--- START ---

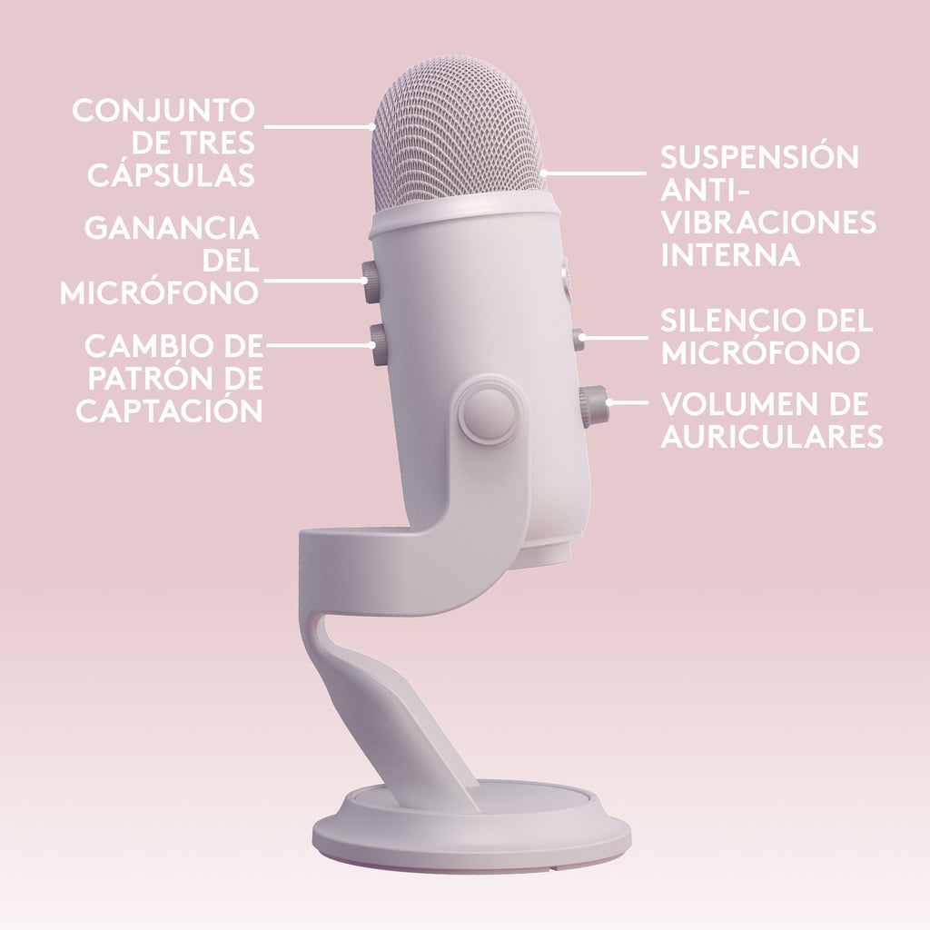 - Acabado de edición especial – El complemento perfecto de tu teclado, ratón y auriculares con micrófono Logitech G Aurora Collection, el flamante acabado de Yeti realza la estética de tu stream de juego
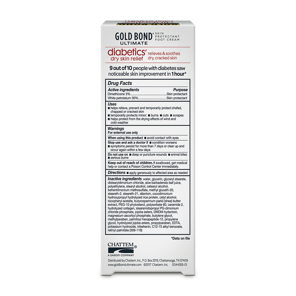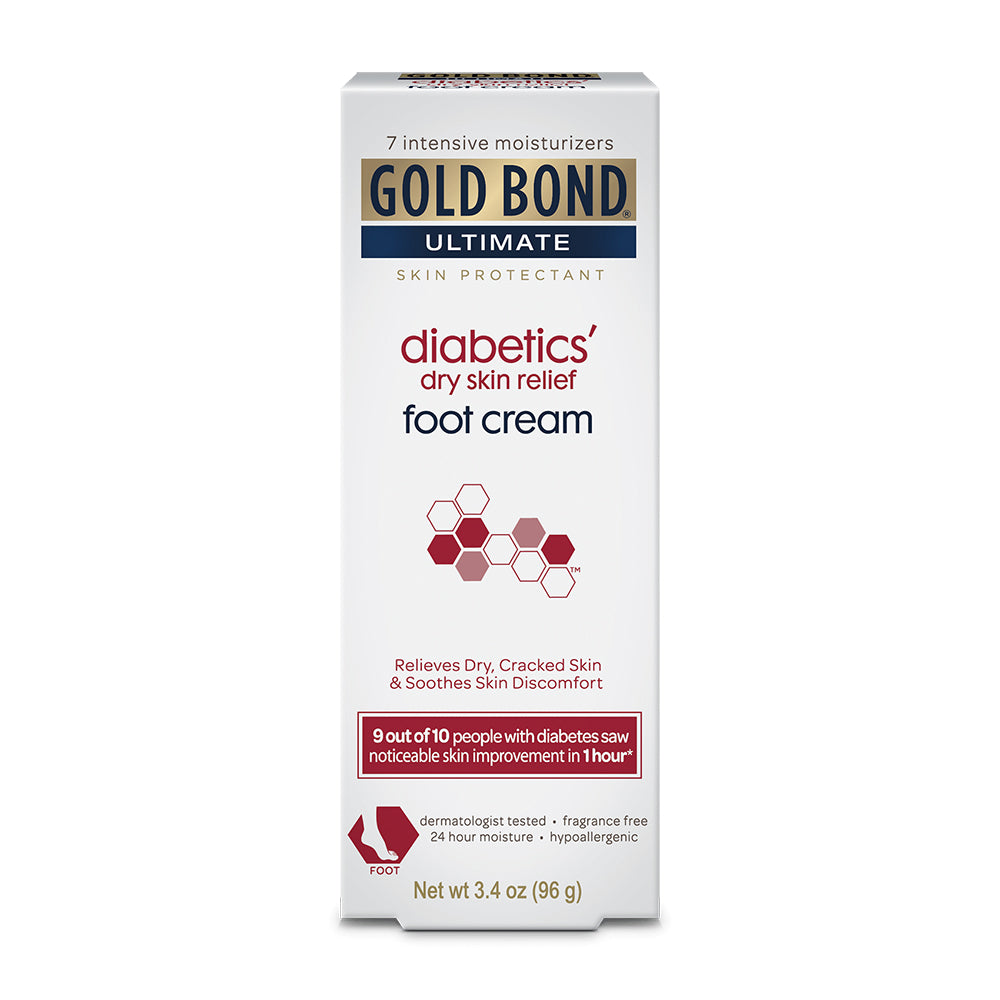 Hydrate dry, flaky, rough diabetic skin. Gold Bond’s Ultimate Diabetics Dry Skin Relief Foot Cream offers immediate soothing and hydration that lasts the entire day. The foot cream is designed to smooth out any rough patches and penetrate 10 surface layers deep into your skin. 9 out of 10 diabetics saw a noticeable improvement on their skin within just 1 hour.
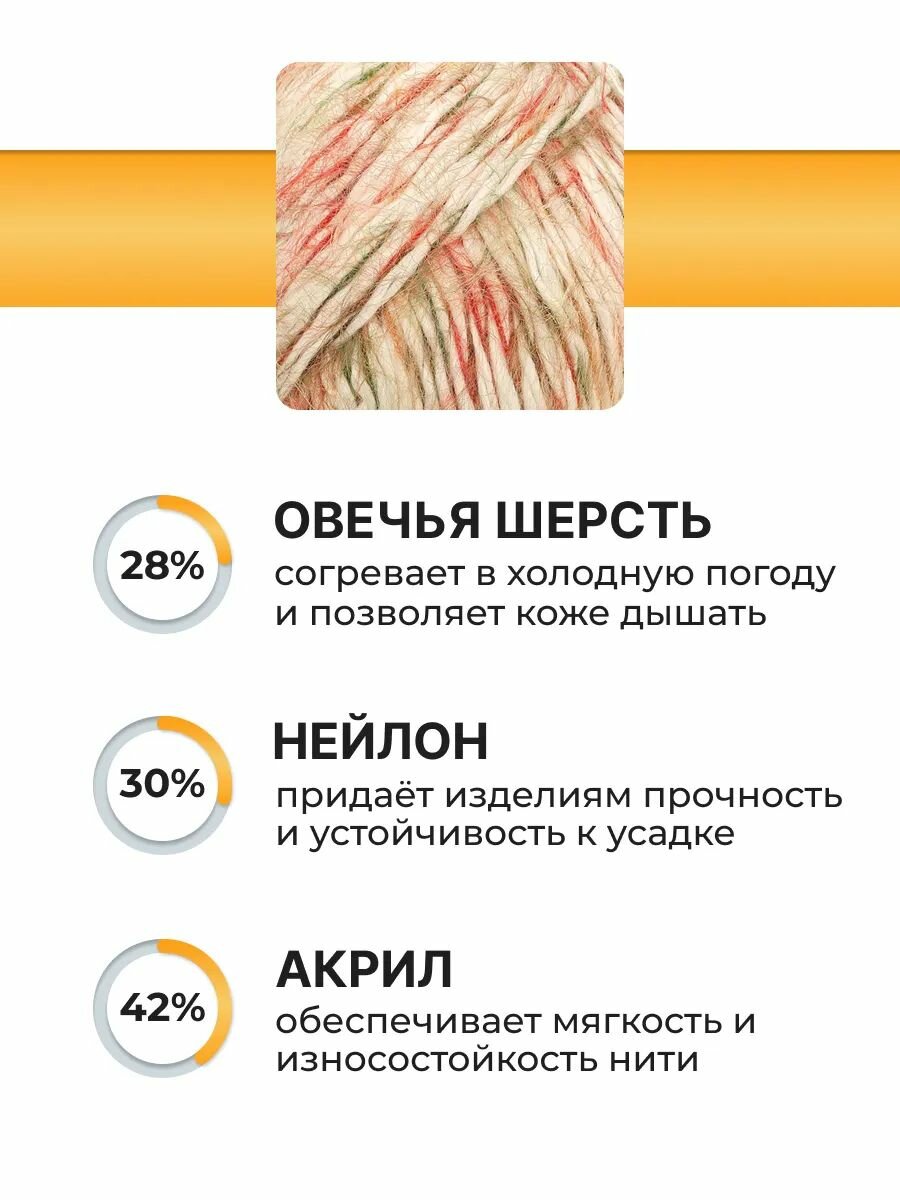 Пряжа для вязания Вязь 'Листопад' 100г, 160м (28% шерсть, 30% нейлон, 42% акрил) (03 красный принт), 3 мотка информация:
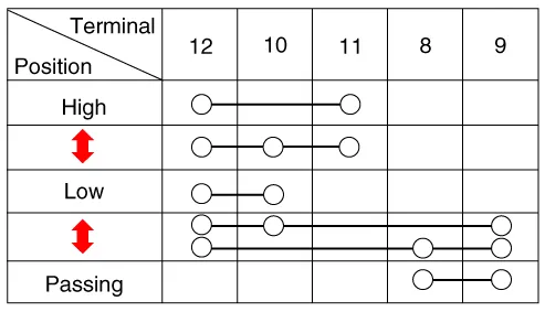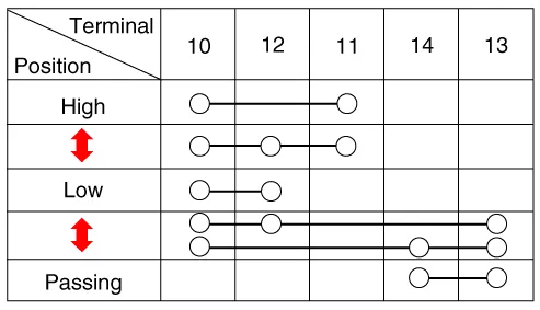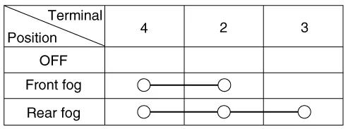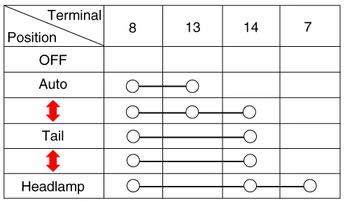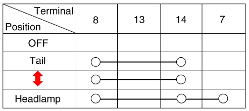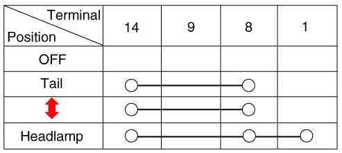 | 1. | Check for continuity between the terminals in each switch position as shown below.
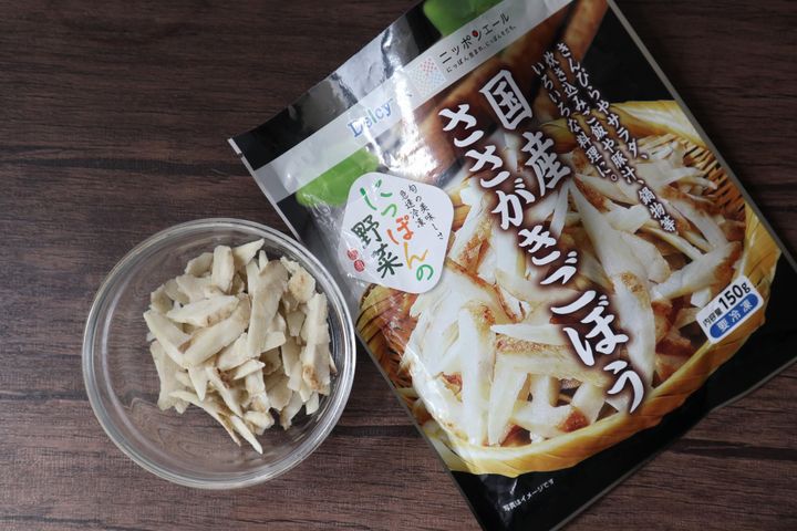 豚汁の具材の一つに使った冷凍の国産ささがきごぼうです。
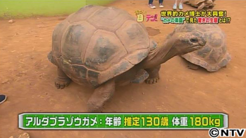 さらに、推定130歳、体重180キロもある「アルダブラゾウガメ」もお目見え。
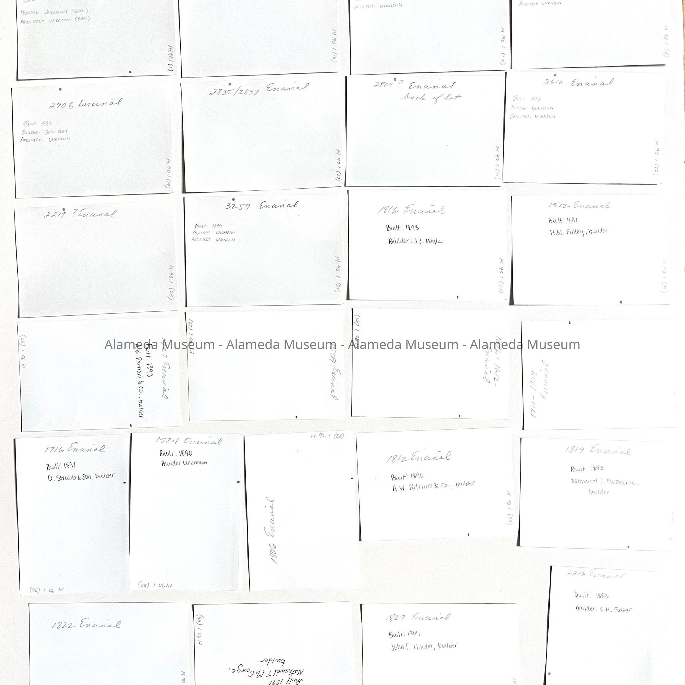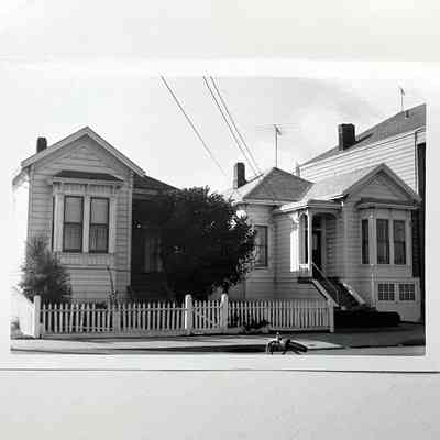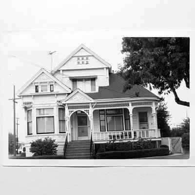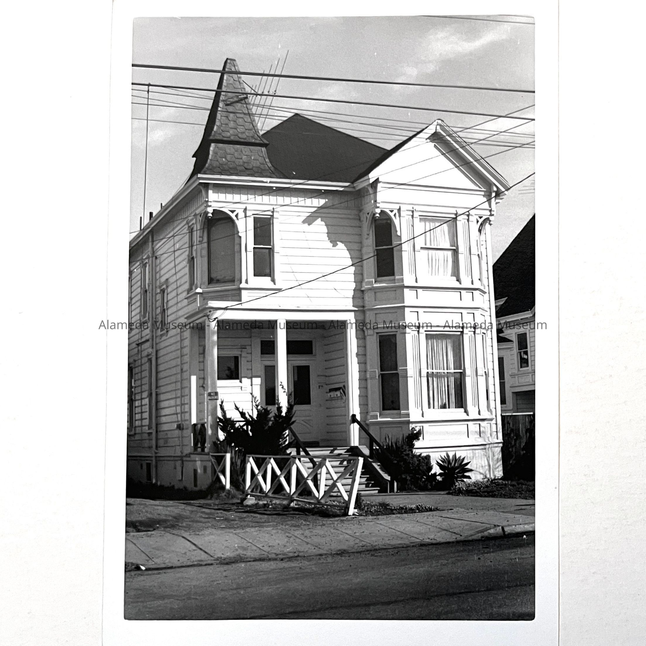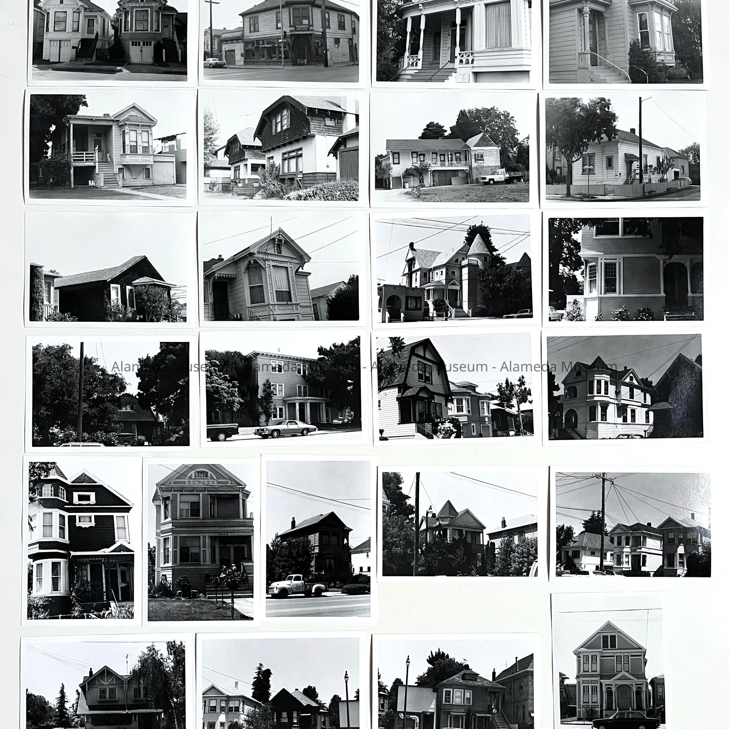 A SERIES OF PHOTOS THAT APPEAR TO HAVE BEEN TAKEN BY THE SAME PERSON OF BUILDINGS (MOSTLY VICTORIAN HOUSES) IN ALAMEDA.
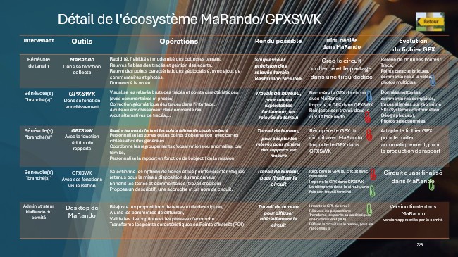 Aujourd’hui, MaRando® – grâce à sa fonction collecte – s’inscrit dans cette continuité. Initialement conçue pour accompagner le randonneur, elle permet aussi la collecte de données structurées : points géolocalisés, photos associées, remarques normalisées ou personnalisées, vérifications d’écarts de tracé…
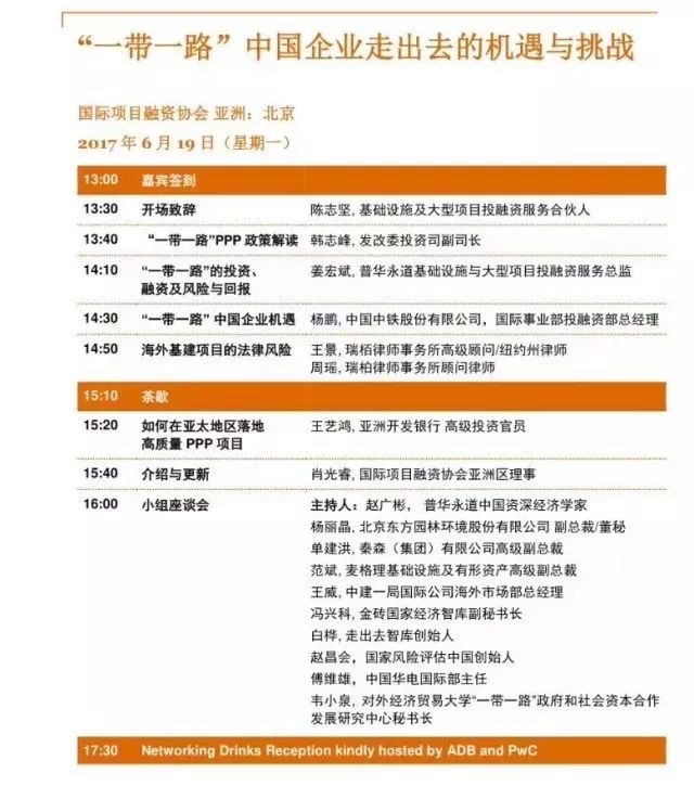 由IPFA的兩個(gè)會(huì)員機(jī)構(gòu)亞洲開發(fā)銀行和普華永道PwC聯(lián)合舉辦,邀請(qǐng)來自國(guó)家發(fā)展改革委、國(guó)際金融機(jī)構(gòu)、咨詢公司、律師事務(wù)所、智庫和中國(guó)企業(yè)等嘉賓,共同討論快速發(fā)展的國(guó)內(nèi)PPP市場(chǎng)和激增的走出去需求所帶來的機(jī)遇和挑戰(zhàn),并向中國(guó)公司提供政策解讀和專業(yè)建議。參加活動(dòng)的發(fā)言嘉賓,個(gè)個(gè)堪稱重量級(jí),如發(fā)改委投資司副司長(zhǎng)韓志鋒,亞行高級(jí)投資官員王藝?guó)?,普華永道基礎(chǔ)設(shè)施與大型項(xiàng)目投融資服務(wù)總監(jiān)姜宏斌,中國(guó)中鐵股份公司國(guó)際事業(yè)部投融資部總經(jīng)理?xiàng)铢i等等。
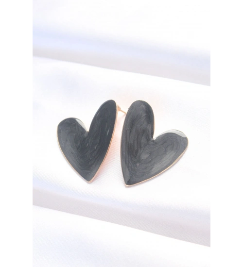 Siyah Renk Mineli Kalp Küpe

--- END ---

## About this exercise
Copy exactly the lines that run from the one containing "as shown below." to the last line of the records, both included, and leave out every picture.

## Response to this exercise
 | 1. | Check for continuity between the terminals in each switch position as shown below.
 豚汁の具材の一つに使った冷凍の国産ささがきごぼうです。
 さらに、推定130歳、体重180キロもある「アルダブラゾウガメ」もお目見え。
 A SERIES OF PHOTOS THAT APPEAR TO HAVE BEEN TAKEN BY THE SAME PERSON OF BUILDINGS (MOSTLY VICTORIAN HOUSES) IN ALAMEDA.
 Aujourd’hui, MaRando® – grâce à sa fonction collecte – s’inscrit dans cette continuité. Initialement conçue pour accompagner le randonneur, elle permet aussi la collecte de données structurées : points géolocalisés, photos associées, remarques normalisées ou personnalisées, vérifications d’écarts de tracé…
 由IPFA的兩個(gè)會(huì)員機(jī)構(gòu)亞洲開發(fā)銀行和普華永道PwC聯(lián)合舉辦,邀請(qǐng)來自國(guó)家發(fā)展改革委、國(guó)際金融機(jī)構(gòu)、咨詢公司、律師事務(wù)所、智庫和中國(guó)企業(yè)等嘉賓,共同討論快速發(fā)展的國(guó)內(nèi)PPP市場(chǎng)和激增的走出去需求所帶來的機(jī)遇和挑戰(zhàn),并向中國(guó)公司提供政策解讀和專業(yè)建議。參加活動(dòng)的發(fā)言嘉賓,個(gè)個(gè)堪稱重量級(jí),如發(fā)改委投資司副司長(zhǎng)韓志鋒,亞行高級(jí)投資官員王藝?guó)?,普華永道基礎(chǔ)設(shè)施與大型項(xiàng)目投融資服務(wù)總監(jiān)姜宏斌,中國(guó)中鐵股份公司國(guó)際事業(yè)部投融資部總經(jīng)理?xiàng)铢i等等。
 Siyah Renk Mineli Kalp Küpe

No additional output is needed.